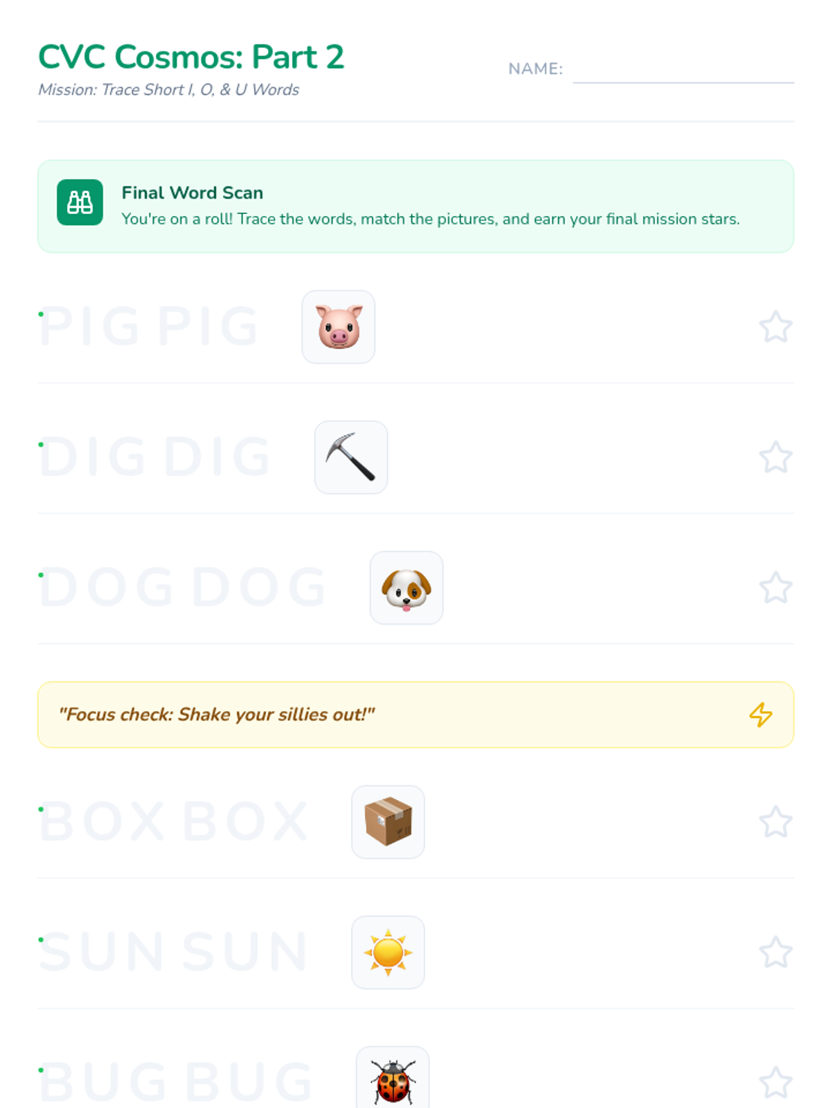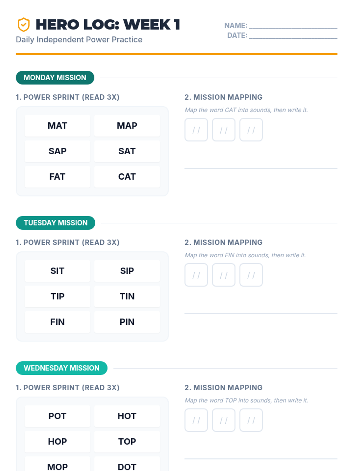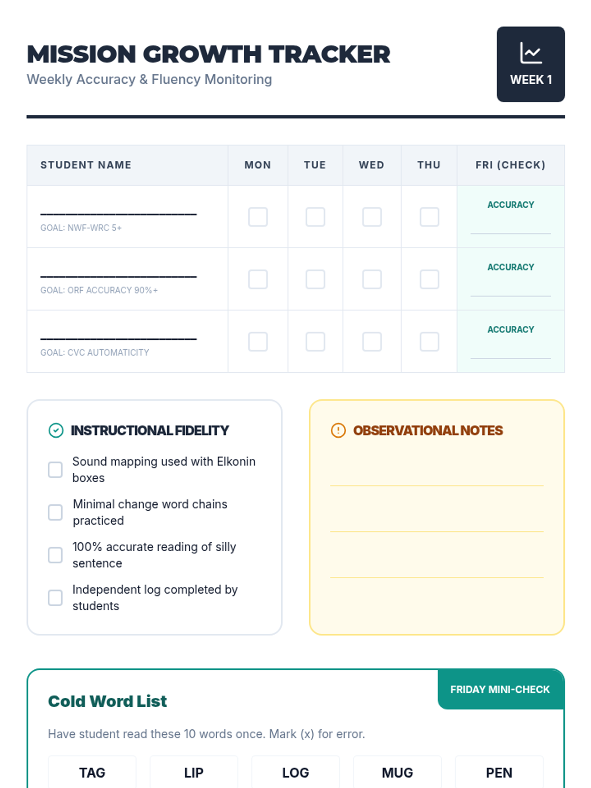 A foundational week of daily 20-minute routines focusing on CVC blending, phoneme-grapheme mapping, and sentence fluency to build student confidence and accuracy.
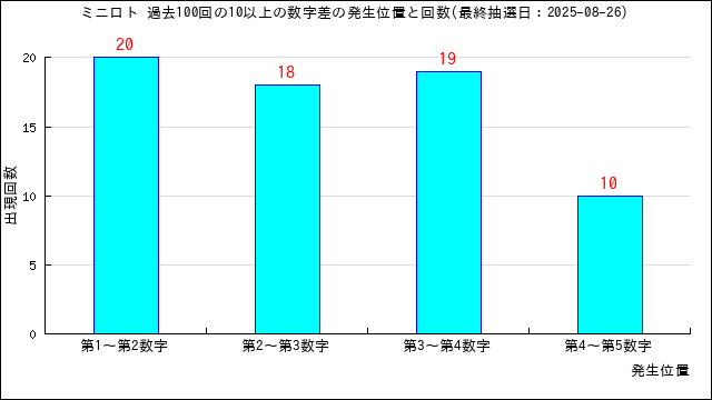 順位 | 数字差 | 出現回数 | 出現率 (過去20回の出現率) |
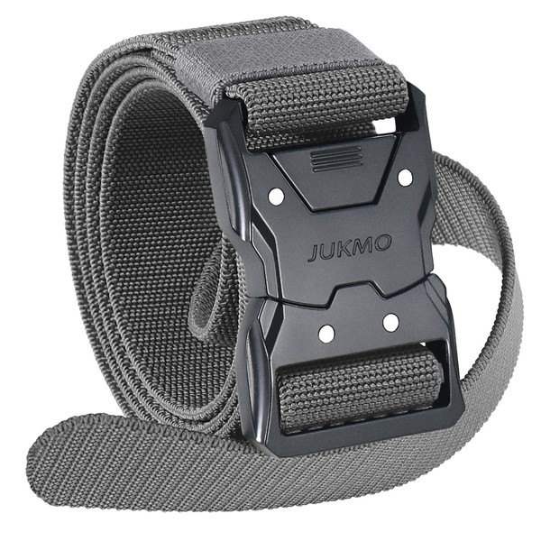 JUKMO Quick Release Tactical Belt, Military Work 1.5" Nylon Web Hiking Belt with Heavy Duty Seatbelt Buckle (Grey, X-Large-for Waist 46"-50" (Length 57"))
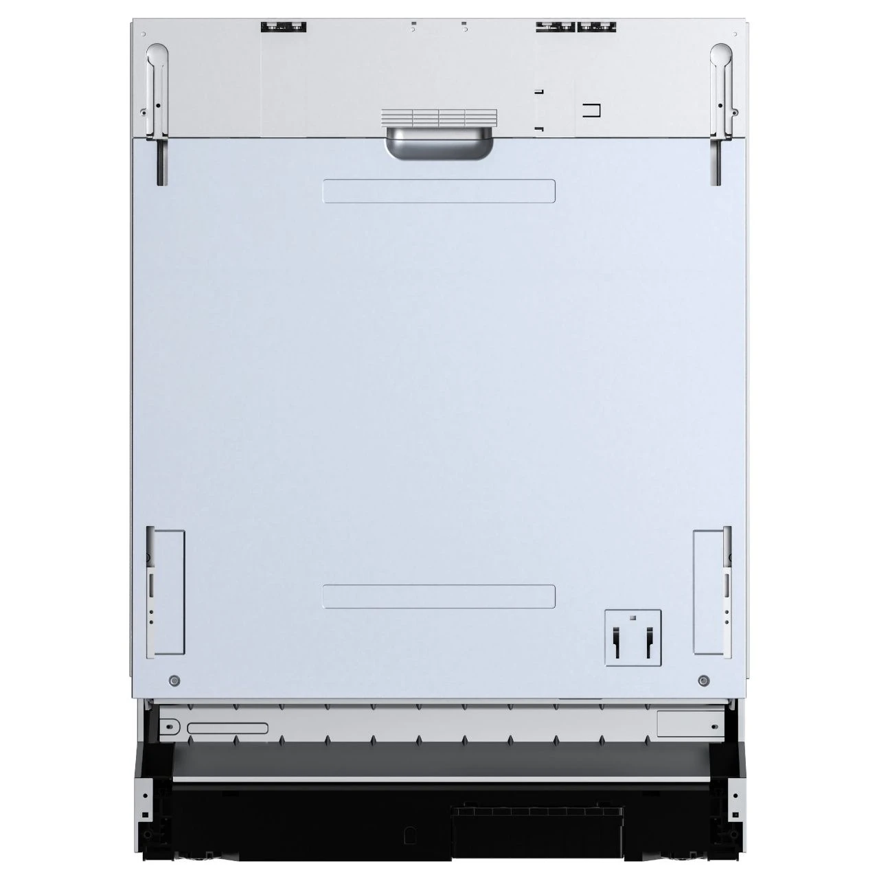 Корпус полноразмерного устройства оснащён регулируемыми ножками, что облегчает монтаж в нише 820–870×600×570 мм. Габариты составляют 815–865×598×550 мм при массе 38 кг, а глубина открытой двери обеспечивает удобный доступ к внутреннему пространству. Вместимость достигает 14 комплектов посуды, что делает аппарат отличным решением для семей и активных хозяек.

Try it — Transcribe, please, the lines from the one holding "JUKMO Quick Release" to the final line of the material, both included, exactly and with no extra lines, and skip the pictures.

Output for this exercise —
 JUKMO Quick Release Tactical Belt, Military Work 1.5" Nylon Web Hiking Belt with Heavy Duty Seatbelt Buckle (Grey, X-Large-for Waist 46"-50" (Length 57"))
 Корпус полноразмерного устройства оснащён регулируемыми ножками, что облегчает монтаж в нише 820–870×600×570 мм. Габариты составляют 815–865×598×550 мм при массе 38 кг, а глубина открытой двери обеспечивает удобный доступ к внутреннему пространству. Вместимость достигает 14 комплектов посуды, что делает аппарат отличным решением для семей и активных хозяек.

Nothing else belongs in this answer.